What Is Patti Smith Month?
An answer I made up about a thing I made up
I loathe when people complain about the weather. It’s like complaining about being in a body. Being in a body is 1) the only choice we all have, and 2) essentially a miracle. I’m bored by easy negativity because it’s not creating anything. It simply laments what IS.
Weather is the main way that nature touches us. Even if you live in a city, the weather affects you. One of my favorite things about living in the country is how big of a character the weather is in my life, in the lives of all my friends and neighbors. It’s something we all share, and yet it affects us differently—where Justin’s snowdrifts pile up is different from where mine do, but both of us have blocked windows.
That being said, February is not an easy time to be alive in the northern hemisphere. It’s cold, it can be dark for days. Which is why, two years ago, I created something called Patti Smith Month. It started when I decided to reread her book “Just Kids,” because my friend Scott had gone to the St Mark’s bookstore in search of it (we had recently seen Patti Smith do a reading there in frigidicecold winter). When he got to the bookstore, he couldn’t find it anywhere. He wanted to buy it because I’d told him how much I love it, and because we both loved the way Patti Smith looked at her reading, with her boyish body and her black beanie. We both loved what she said.
He finally asked a clerk at the front of the bookstore where he could find “Just Kids.” In my head, she looked at him like he was an Effing Idiot (because this is how clerks look at you because you ARE one and also they’re tired) (I’ve been there), and said “Her books are all in the back, next to her.”
Patti Smith was in the store at that very moment signing books. Instead of buying the book for himself, he bought me a copy, which he had her inscribe. This is one of my most prized possessions.
As I read this book two years ago, it lit all those little flames inside of me.
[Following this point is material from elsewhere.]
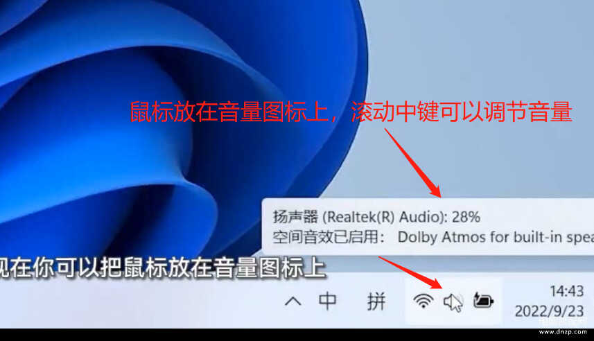 四、鼠标放在音量图标上,滚动中键可以调节音量。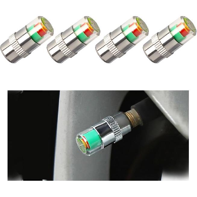 4 PCS Tire Pressure Monitor Valve Stem Caps, 2.4Bar 36PSI Car Tire Pressure Monitor Sensor Indicator with 3-Color Eye Alert, Universal Valve Stem

Some of those flames have to do with being an artist, which has practically become a dirty word these days. Some of those flames have to do with the talismanic powers that we all have to instill our lives with meaning. Some of those flames have to do with wearing menswear and necklaces. Suffice to say: that book is a world I need.
And so I decided that every February, I would re-read it. That’s the beginning. That’s the kindling. Because when I reread it, I relive and remember my own dedication to art-making. I am reminded. I am refreshed. I refurbish my altars and don my Patti Smith shirt, the only shirt with a face on it I’d ever wear. I drink tea in the dark nighttime house and tear up pages of notebooks with words. Sometimes I commit to writing more letters, or revising a long piece, or improving the art on my wall.
This year, I will write a poem every day for the month of February. I will write a letter to a new penpal in the hopes that she wants to write back. I am in the process of beginning an exciting new literary project with a friend of mine, so that will come to fruition, too. I don’t know what else will happen. Patti Smith Month is about saying, I am a maker. And: there is no time but the present.
I believe Patti Smith Month is one of my best ideas. Not only because what it inspires, but because in making February a special month for myself, I have improved my own life. Patti Smith Month is the opposite of complaining about Feburary. It means I look forward to February and the way I’ll spend the month leaning in to the artistry inside me. Remember how environmentalists sometimes tell you that you’re either part of the solution or you’re part of the problem? I disagree. You are both the problem and the solution. So even if Patti Smith Month isn’t what will make your own personal February awesome, find out what will. Then buy yourself a t-shirt and get to work.